⟨

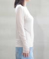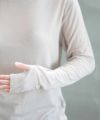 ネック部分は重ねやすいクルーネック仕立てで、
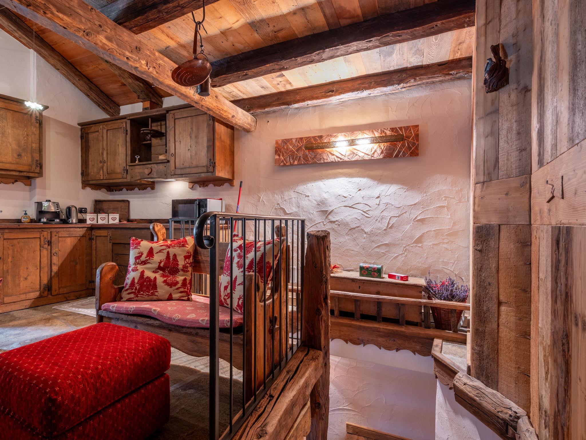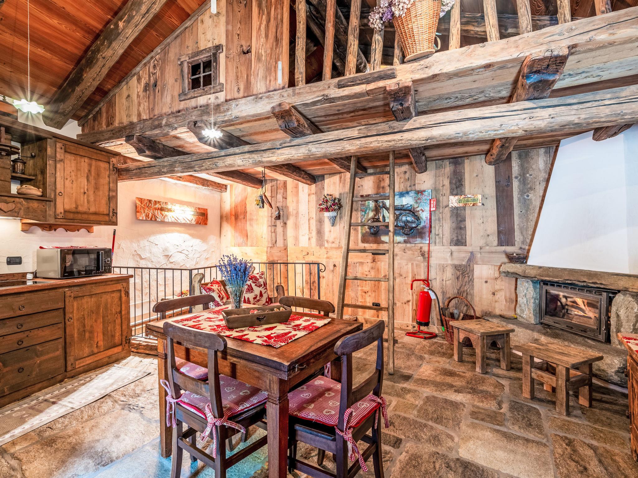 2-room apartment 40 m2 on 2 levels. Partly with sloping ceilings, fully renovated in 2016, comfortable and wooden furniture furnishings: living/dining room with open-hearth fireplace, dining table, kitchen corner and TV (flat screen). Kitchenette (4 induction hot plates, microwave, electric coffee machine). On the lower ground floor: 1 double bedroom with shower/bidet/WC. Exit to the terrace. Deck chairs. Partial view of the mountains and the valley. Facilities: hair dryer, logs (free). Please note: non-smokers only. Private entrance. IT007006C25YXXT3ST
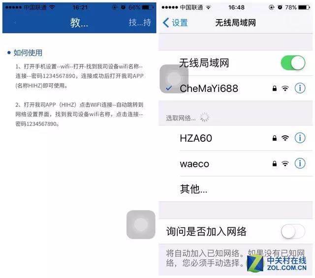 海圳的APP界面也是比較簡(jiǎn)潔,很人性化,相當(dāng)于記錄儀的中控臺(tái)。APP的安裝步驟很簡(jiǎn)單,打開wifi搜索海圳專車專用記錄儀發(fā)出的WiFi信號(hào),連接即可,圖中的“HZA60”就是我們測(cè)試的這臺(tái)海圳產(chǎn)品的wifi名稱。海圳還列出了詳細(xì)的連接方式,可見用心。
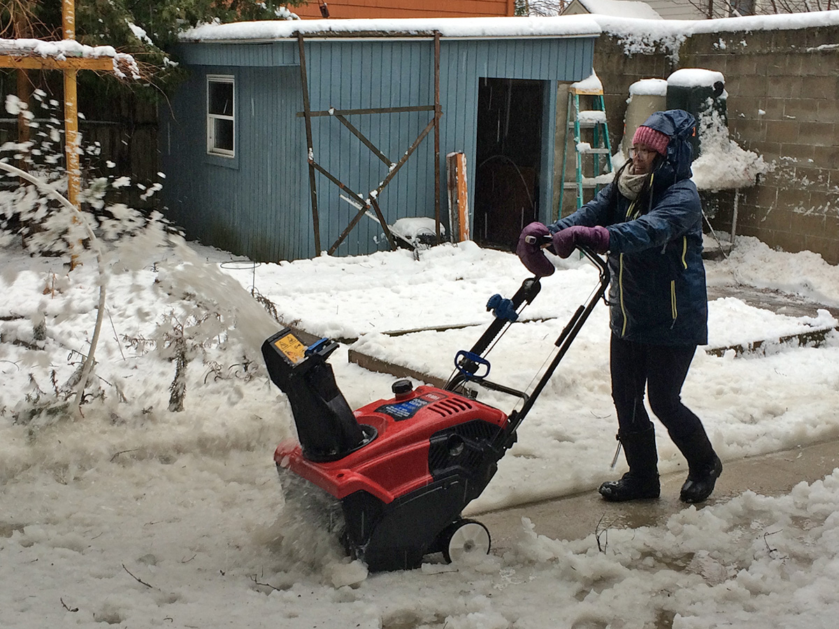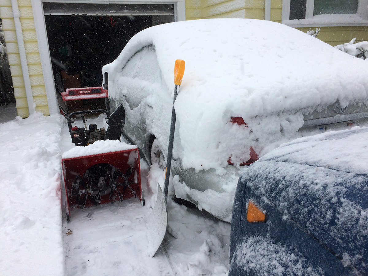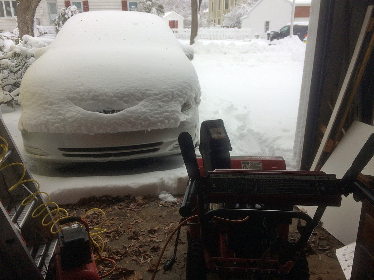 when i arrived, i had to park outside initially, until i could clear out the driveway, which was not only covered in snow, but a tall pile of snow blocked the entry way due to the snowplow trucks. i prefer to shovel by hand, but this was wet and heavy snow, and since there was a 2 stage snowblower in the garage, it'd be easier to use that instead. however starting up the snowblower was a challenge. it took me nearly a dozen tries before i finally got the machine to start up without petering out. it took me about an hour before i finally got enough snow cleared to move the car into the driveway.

⟩
⟨

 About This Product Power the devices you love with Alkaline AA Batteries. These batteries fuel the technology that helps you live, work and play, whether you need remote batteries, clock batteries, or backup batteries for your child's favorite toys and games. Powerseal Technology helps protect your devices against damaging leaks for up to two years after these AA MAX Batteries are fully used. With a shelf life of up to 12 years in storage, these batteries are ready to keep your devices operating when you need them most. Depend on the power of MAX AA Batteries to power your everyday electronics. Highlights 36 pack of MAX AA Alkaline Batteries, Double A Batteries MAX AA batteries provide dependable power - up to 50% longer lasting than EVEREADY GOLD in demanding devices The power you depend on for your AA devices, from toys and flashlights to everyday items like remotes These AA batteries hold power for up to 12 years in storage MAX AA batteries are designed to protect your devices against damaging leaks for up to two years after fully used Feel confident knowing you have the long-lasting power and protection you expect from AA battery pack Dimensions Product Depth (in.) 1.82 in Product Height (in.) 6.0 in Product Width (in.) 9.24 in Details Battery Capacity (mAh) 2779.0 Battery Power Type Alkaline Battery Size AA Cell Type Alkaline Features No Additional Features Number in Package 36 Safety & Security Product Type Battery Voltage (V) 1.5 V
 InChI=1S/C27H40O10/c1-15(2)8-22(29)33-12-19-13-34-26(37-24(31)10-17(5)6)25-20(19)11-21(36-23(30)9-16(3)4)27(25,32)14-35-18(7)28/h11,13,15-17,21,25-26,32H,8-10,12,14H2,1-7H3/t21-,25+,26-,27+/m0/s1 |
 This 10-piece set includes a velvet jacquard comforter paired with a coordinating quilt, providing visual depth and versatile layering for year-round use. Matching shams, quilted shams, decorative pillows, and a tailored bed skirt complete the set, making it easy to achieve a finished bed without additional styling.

⟩
⟨

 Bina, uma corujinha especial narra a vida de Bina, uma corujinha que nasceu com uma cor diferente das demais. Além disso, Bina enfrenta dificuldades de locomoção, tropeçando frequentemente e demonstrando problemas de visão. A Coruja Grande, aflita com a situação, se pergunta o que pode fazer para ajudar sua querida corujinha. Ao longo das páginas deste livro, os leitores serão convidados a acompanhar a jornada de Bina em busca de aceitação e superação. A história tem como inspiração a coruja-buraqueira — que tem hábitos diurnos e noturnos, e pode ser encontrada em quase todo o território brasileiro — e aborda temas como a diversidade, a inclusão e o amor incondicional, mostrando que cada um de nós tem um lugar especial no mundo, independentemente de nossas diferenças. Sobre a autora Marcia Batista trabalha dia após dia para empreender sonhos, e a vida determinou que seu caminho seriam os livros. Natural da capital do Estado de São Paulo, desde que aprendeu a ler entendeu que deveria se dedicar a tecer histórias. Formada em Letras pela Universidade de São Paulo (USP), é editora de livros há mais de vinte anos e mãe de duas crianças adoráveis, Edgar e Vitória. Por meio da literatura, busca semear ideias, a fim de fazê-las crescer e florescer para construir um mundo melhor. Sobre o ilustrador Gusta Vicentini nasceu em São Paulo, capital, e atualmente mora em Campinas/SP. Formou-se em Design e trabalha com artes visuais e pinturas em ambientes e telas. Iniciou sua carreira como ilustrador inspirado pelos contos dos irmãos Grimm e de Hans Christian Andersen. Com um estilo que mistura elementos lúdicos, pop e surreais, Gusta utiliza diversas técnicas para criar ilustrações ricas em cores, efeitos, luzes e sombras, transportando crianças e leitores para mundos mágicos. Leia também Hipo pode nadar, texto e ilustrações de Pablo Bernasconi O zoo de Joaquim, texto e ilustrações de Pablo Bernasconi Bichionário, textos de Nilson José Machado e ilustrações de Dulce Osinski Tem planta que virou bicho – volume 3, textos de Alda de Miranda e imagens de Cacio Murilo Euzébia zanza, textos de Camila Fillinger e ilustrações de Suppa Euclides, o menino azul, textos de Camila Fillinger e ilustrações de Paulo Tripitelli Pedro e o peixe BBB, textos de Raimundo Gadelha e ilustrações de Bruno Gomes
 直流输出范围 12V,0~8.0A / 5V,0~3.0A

⟩

Looking above, find the stretch of lines that opens with the one holding "ネック部分は重ねやすいクルーネック仕立てで、" and closes with the one holding "when i arrived, i". Copy it exactly, pictures excluded.

 ネック部分は重ねやすいクルーネック仕立てで、
 2-room apartment 40 m2 on 2 levels. Partly with sloping ceilings, fully renovated in 2016, comfortable and wooden furniture furnishings: living/dining room with open-hearth fireplace, dining table, kitchen corner and TV (flat screen). Kitchenette (4 induction hot plates, microwave, electric coffee machine). On the lower ground floor: 1 double bedroom with shower/bidet/WC. Exit to the terrace. Deck chairs. Partial view of the mountains and the valley. Facilities: hair dryer, logs (free). Please note: non-smokers only. Private entrance. IT007006C25YXXT3ST
 海圳的APP界面也是比較簡(jiǎn)潔,很人性化,相當(dāng)于記錄儀的中控臺(tái)。APP的安裝步驟很簡(jiǎn)單,打開wifi搜索海圳專車專用記錄儀發(fā)出的WiFi信號(hào),連接即可,圖中的“HZA60”就是我們測(cè)試的這臺(tái)海圳產(chǎn)品的wifi名稱。海圳還列出了詳細(xì)的連接方式,可見用心。
 when i arrived, i had to park outside initially, until i could clear out the driveway, which was not only covered in snow, but a tall pile of snow blocked the entry way due to the snowplow trucks. i prefer to shovel by hand, but this was wet and heavy snow, and since there was a 2 stage snowblower in the garage, it'd be easier to use that instead. however starting up the snowblower was a challenge. it took me nearly a dozen tries before i finally got the machine to start up without petering out. it took me about an hour before i finally got enough snow cleared to move the car into the driveway.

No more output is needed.